- Provided material -
━━━━━━━━━━━━━━━━━━━━

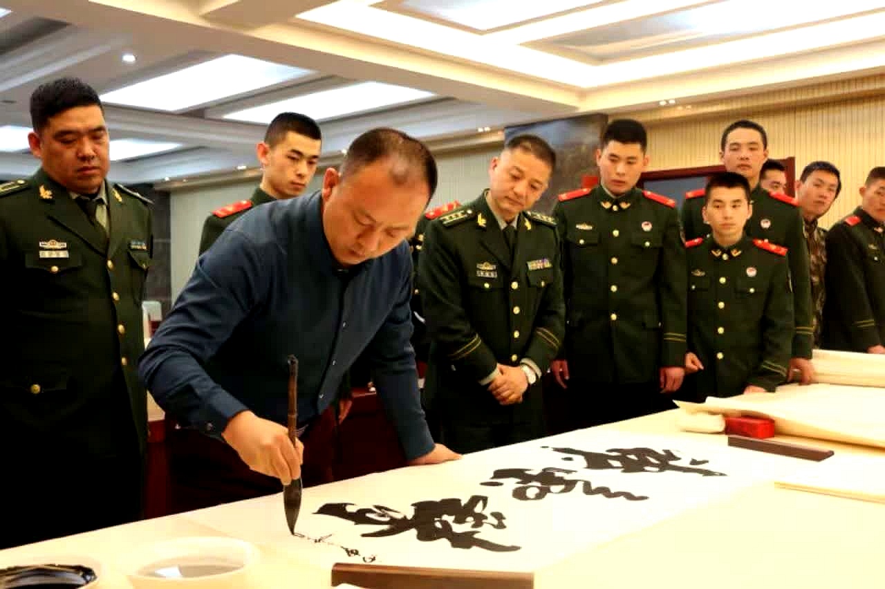 著名书法家刘俊走进警营慰问时拍摄
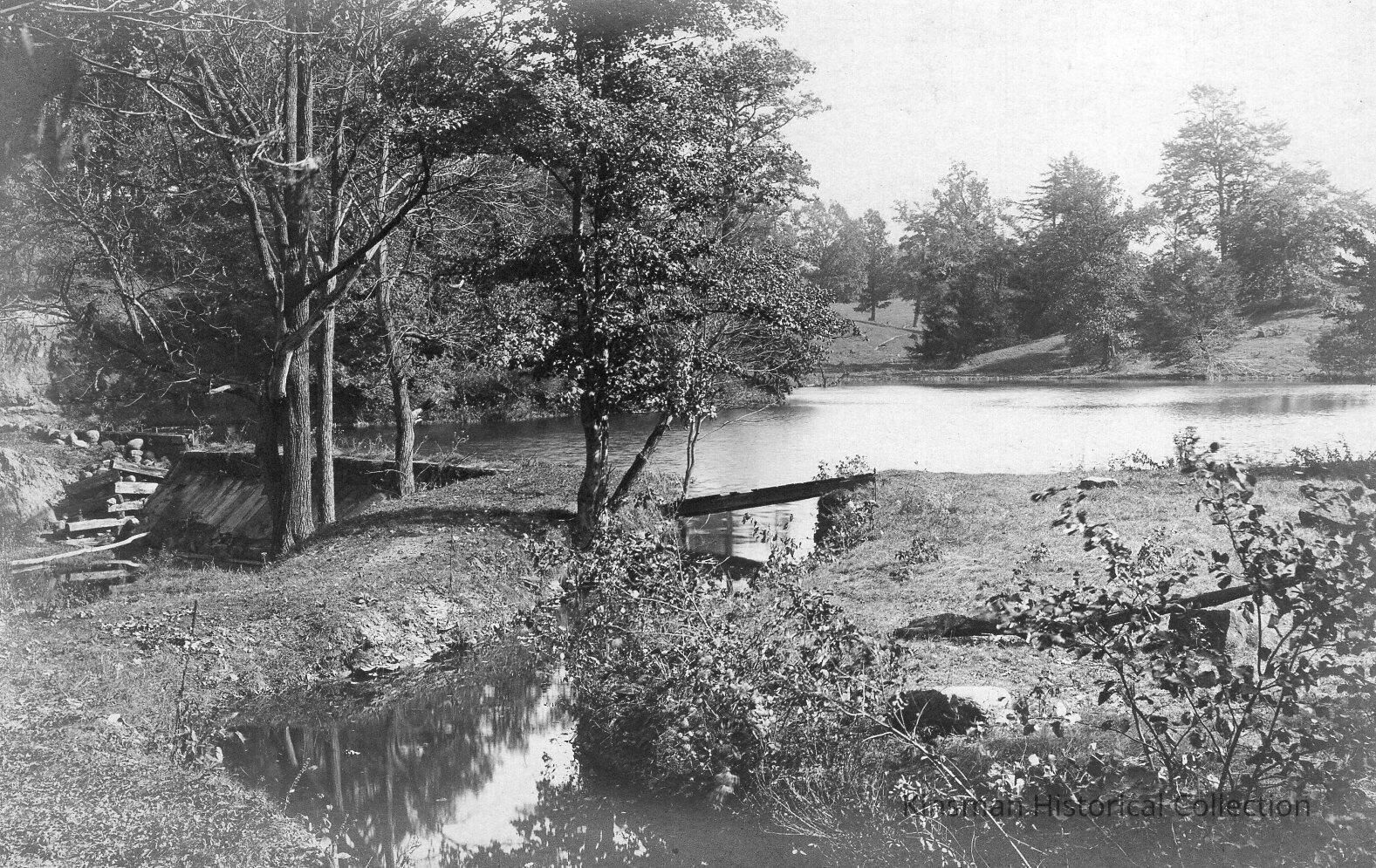 Pond described as "old water power site that furnishes power for a new lighting plant, showing where race leaves the pond (Hamilton's Pond)" in Kinsman, Ohio.Cataloged By
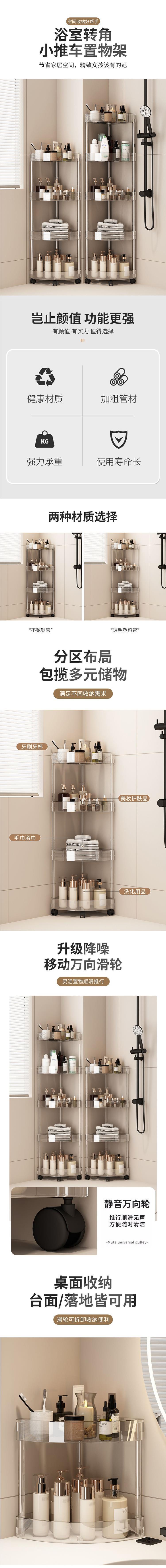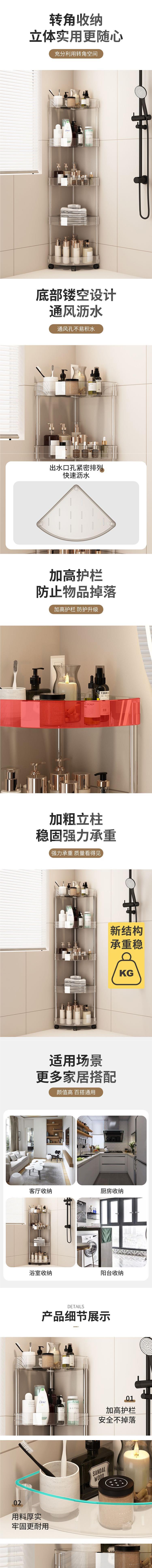 스테인레스 스틸 투명 주방 바닥에서 천장까지 다층 삼각형 화장실 선반 코너 선반 욕실 화장실 보관스토어 가기

━━━━━━━━━━━━━━━━━━━━

- Work instruction -
Set down exactly the lines between the one with "Pond described as" and the last line of the material above, both included, but none of the pictures.

- Result -
 Pond described as "old water power site that furnishes power for a new lighting plant, showing where race leaves the pond (Hamilton's Pond)" in Kinsman, Ohio.Cataloged By
 스테인레스 스틸 투명 주방 바닥에서 천장까지 다층 삼각형 화장실 선반 코너 선반 욕실 화장실 보관스토어 가기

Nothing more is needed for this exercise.